Format of Auditor’s report as per Companies (Auditor’s Report)
order, 2020 (Caro)
The ministry of corporate affairs has
laid down the new format of statutory audits of companies which includes the
following details:
1)
Details of tangible and intangible
assets.
2)
Details of inventory and working
capital.
3)
Details of investments, any guarantee
or security or advances or loans given.
4)
Compliance in respect of a loan to
directors.
5)
Compliance in respect of deposits
accepted.
6)
Maintenance of costing records.
7)
Deposit of statutory liabilities.
8)
Unrecorded income.
9)
Default in repayment of borrowings.
10)
Funds raised and utilizations.
11)
Fraud and whistle-blower complaints.
12)
Compliance by a Nidhi.
13)
Compliance on transactions with
related parties.
14)
Internal audit system.
15)
Resignation of statutory auditors.
16)
Non-cash dealings with directors.
17)
Registration under Sec. 45-IA or RBI
Act, 1934
18)
Cash losses.
19)
Material uncertainty on meeting
liabilities.
20)
Transfer of funds specified under
schedule VII of the Companies Act’ 2013.
21)
Qualification or adverse auditor
remarks in other group companies.
Book building
Book building is a process of fixing
price for an issue of securities on a feedback from potential investors based
upon their perception about a company. It involves selling an issue step-wise
to investors at an acceptable price with the help of a few
intermediaries’/merchant bankers who are called book-runners. Under
book-building process, the issue price is not determined in advance, it is
determined by the offer of potential investors. The book runner maintains a
record of various offers and the price at which the institutional buyers,
mutual funds, underwriters etc. are willing to subscribe to securities. On receipt
of the information, the book runner and the issuer company determine the price
at which the issue will be made. Thus, book-building helps in determining the
price of an issue on more realistic way based on the intrinsic worth of the
security. The main objective of book building is to arrive at fair pricing of
the issue which is supposed to emerge out of offers given by various large
investors like mutual funds and institutional investors.

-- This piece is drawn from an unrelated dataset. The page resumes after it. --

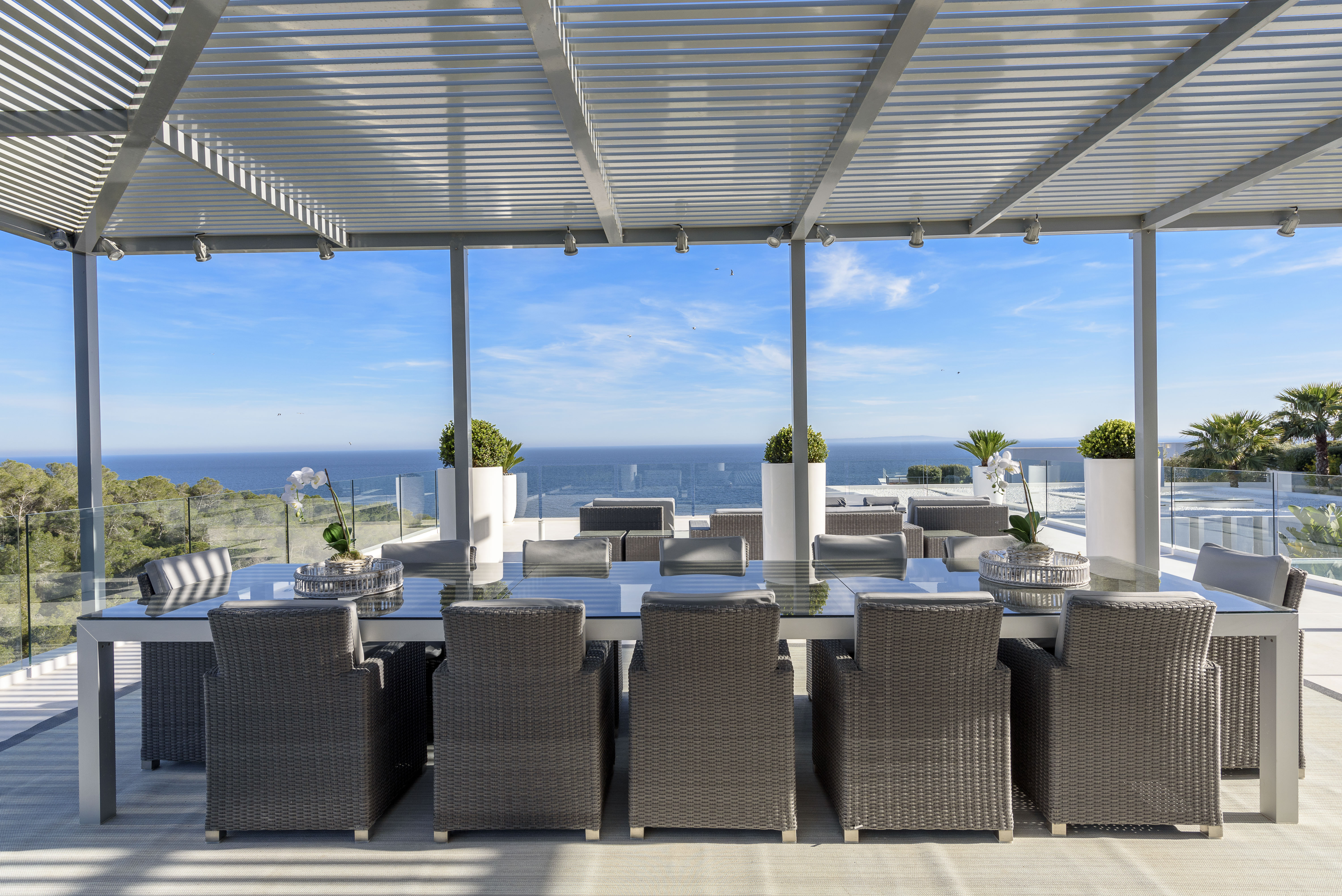 This magnificent 8 bedroom property located in Cap Martinet, close by to the very stylish Marina Botafoch and within minutes to many of Ibiza’s most exclusive bars and restaurants. Hidden among beautifully maintained gardens, this home offers vast outdoor terraces featuring a beautiful infinity pool and jacuzzi with fantastic views of the Mediterranean Sea and the surrounding countryside. The rooftop terrace offers comfortable outdoor sofa seating and a dining area – ideal for those entertaining and sunset cocktails. The exterior kitchen is fully fitted and perfect for alfresco dining while soaking up the incredible vistas

As per SEBI guidelines, in an issue of
securities through a prospectus option of 100% Book Building is also available
to an issuer company if Issue of capital is Rs.25 crores and above. In India,
there are two options for book building process. One, 25% of the issue has to
be sold at fixed price and 75% is through book building. The other option is to
split 25% of offer to the public (small investors) into a fixed price portion
of 10% and a reservation in the book built amounting to 15% of the issue size.
The rest of the book-built portion is open to any investor.
Procedure
for the Book Building Process
The modern and more popular method of
share pricing these days is the Book Building route. Procedure of book building
is stated below:
a) Appointment of merchant banker as a
book runner whose main purpose was to maintain the records of various offer
prices at which potential investors are willing to subscribe to securities.
b) After appointing a merchant banker
as a book runner, the company planning the IPO (i.e., initial public offer),
specifies the number of shares it wishes to sell and also mentions a price
band.
c) Potential Investors place their
orders in Book Building process at a price higher than the floor price
indicated by the company in the price band to the book runner.
d) Once the book building period ends,
the book runner evaluates the bids on the basis of the prices received,
investor quality and timing of bids.
e) Then the book runner and the
company conclude the final price at which the issuing company is willing to
issue the stock and allocate securities. Traditionally, the numbers of shares
are fixed and the issue size gets determined on the basis of price per share
discussed through the book building process.